Guard seriously wounded in Jerusalem shooting released to rehab facility
David Morel, 30, sees improvement in condition after being shot in head in attack at checkpoint near Shuafat last month; two men charged for providing gun to attacker
Emanuel (Mannie) Fabian is The Times of Israel's military correspondent.

The condition of a civilian security guard seriously wounded in a shooting attack at a checkpoint near Jerusalem last month has improved, and on Tuesday he was transferred to a rehabilitation center.
Last week, Hadassah Ein Kerem Medical Center said David Morel, 30, who was shot in the head during the attack near the Shuafat refugee camp on October 8, had regained consciousness for the first time.
On Tuesday, Morel was transferred to Loewenstein Hospital Rehabilitation Center in Ra’anana.
“We are happy to transfer David to rehabilitation this morning, and wish him a successful journey,” said Dr. Guy Rosenthal, director of the hospital’s neurosurgical intensive care unit.
Rosenthal said Morel arrived at the hospital with a “very severe head injury” and underwent a complex neurosurgery before being moved to the hospital’s intensive care unit to stabilize his condition.
“With his release for rehabilitation, he still has a long way to go and we expect, and hope, to see his condition further improve,” Rosenthal said.

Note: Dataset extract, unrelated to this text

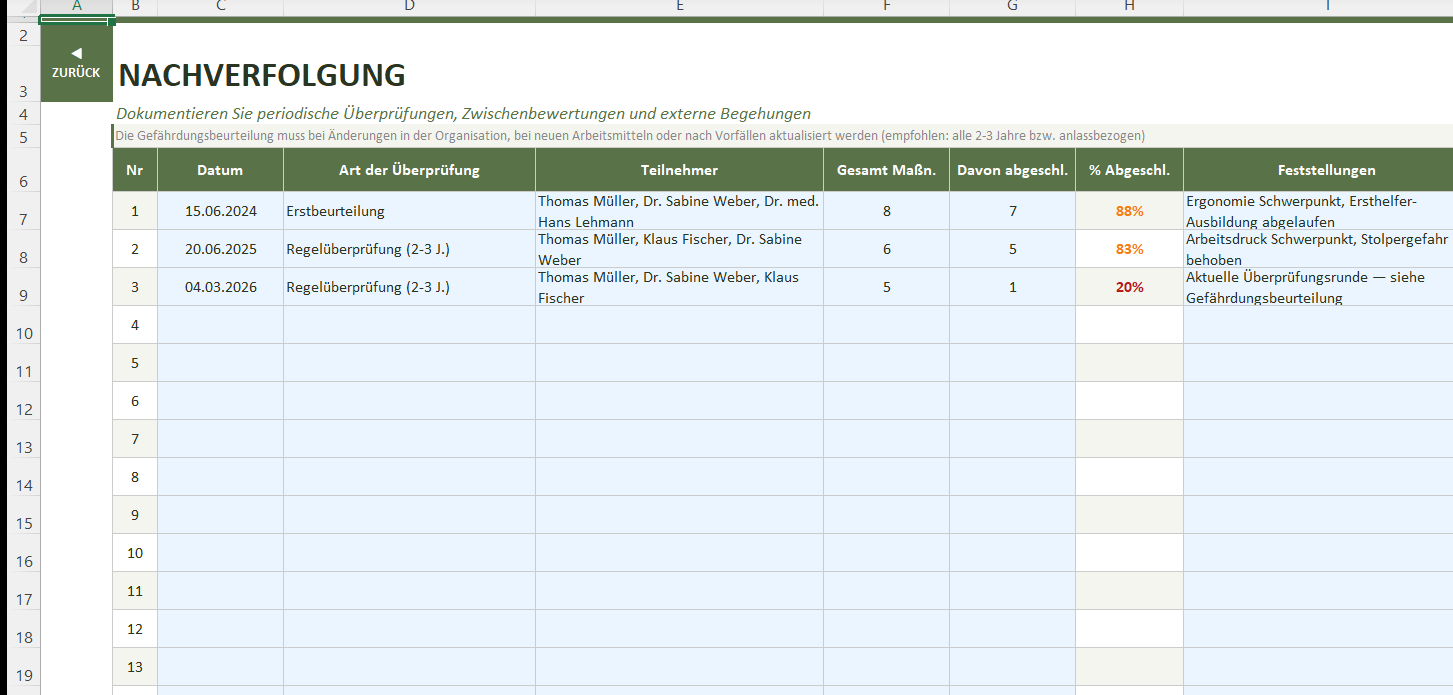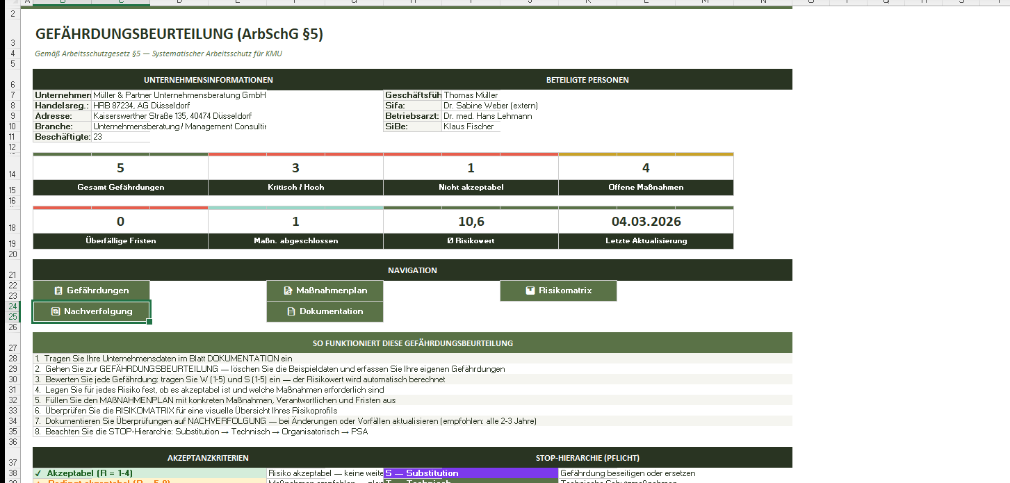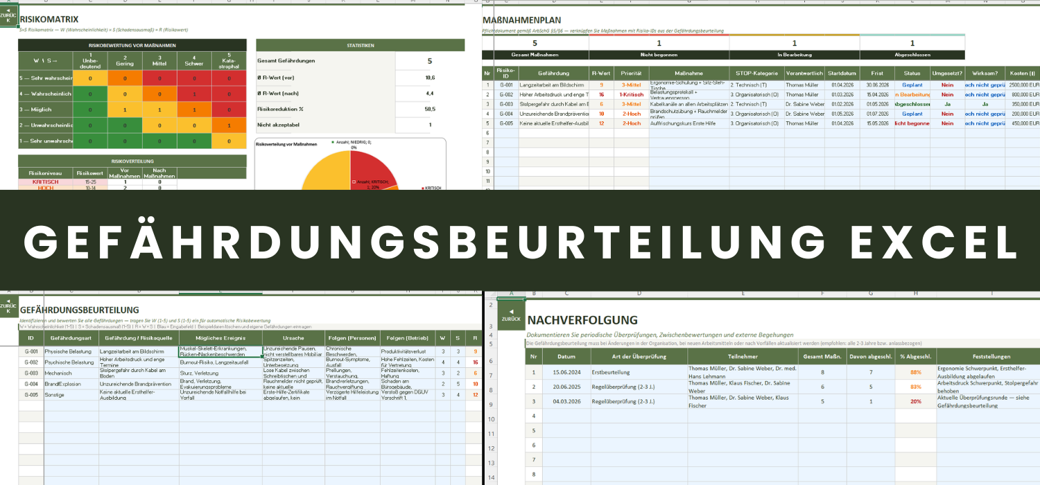 Sie benötigen eine Gefährdungsbeurteilung gemäß ArbSchG §5, wissen aber nicht, wo Sie anfangen sollen? Diese Excel-Vorlage führt Sie Schritt für Schritt durch den gesamten Prozess — von der Gefährdungsidentifikation bis zur dokumentierten Wirksamkeitsprüfung.

After immigrating from Brazil in 2017, Morel joined the IDF as a lone soldier, then became a security guard following his release from the army, according to his family.
In the attack at the checkpoint, an Israeli soldier, Sgt. Noa Lazar, 18, was killed.
The gunman, Udai Tamimi, 22, fled the scene and was killed 11 days later attempting to commit another attack at a checkpoint near the entrance of the West Bank settlement city of Ma’aleh Adumim. One security guard was lightly hurt.
On Monday, prosecutors filed indictments against two East Jerusalem men for supplying Tamimi with the gun used in the attacks.
According to the indictment, Tamimi initially purchased the gun and two magazines from an acquaintance, Nader Abu Rajib, 29. Tamimi then gave the gun to another acquaintance, Ammar Allahaliya, 25, for safekeeping, before returning to take it back from him to use in the deadly attack.
Abu Rajib and Allahaliya were charged with various weapon offenses. Prosecutors have requested they be held in custody until the end of legal proceedings.

Tensions have soared in the West Bank recently as the IDF has pressed on with an anti-terror offensive mostly focused on the northern West Bank.
The operation has netted more than 2,000 arrests in near-nightly raids, but has also left over 125 Palestinians dead, many of them — but not all — while carrying out attacks or during clashes with security forces.
The IDF’s anti-terror offensive in the West Bank was launched following a series of Palestinian attacks that killed 19 people in the spring of this year.
An Israeli man was killed in an attack in Hebron last month, a woman was killed in Holon in a suspected attack in September, and four soldiers have been killed in the West Bank in attacks and during the arrest operations. On Tuesday, a man died from wounds he sustained in a stabbing attack in a Palestinian village in October.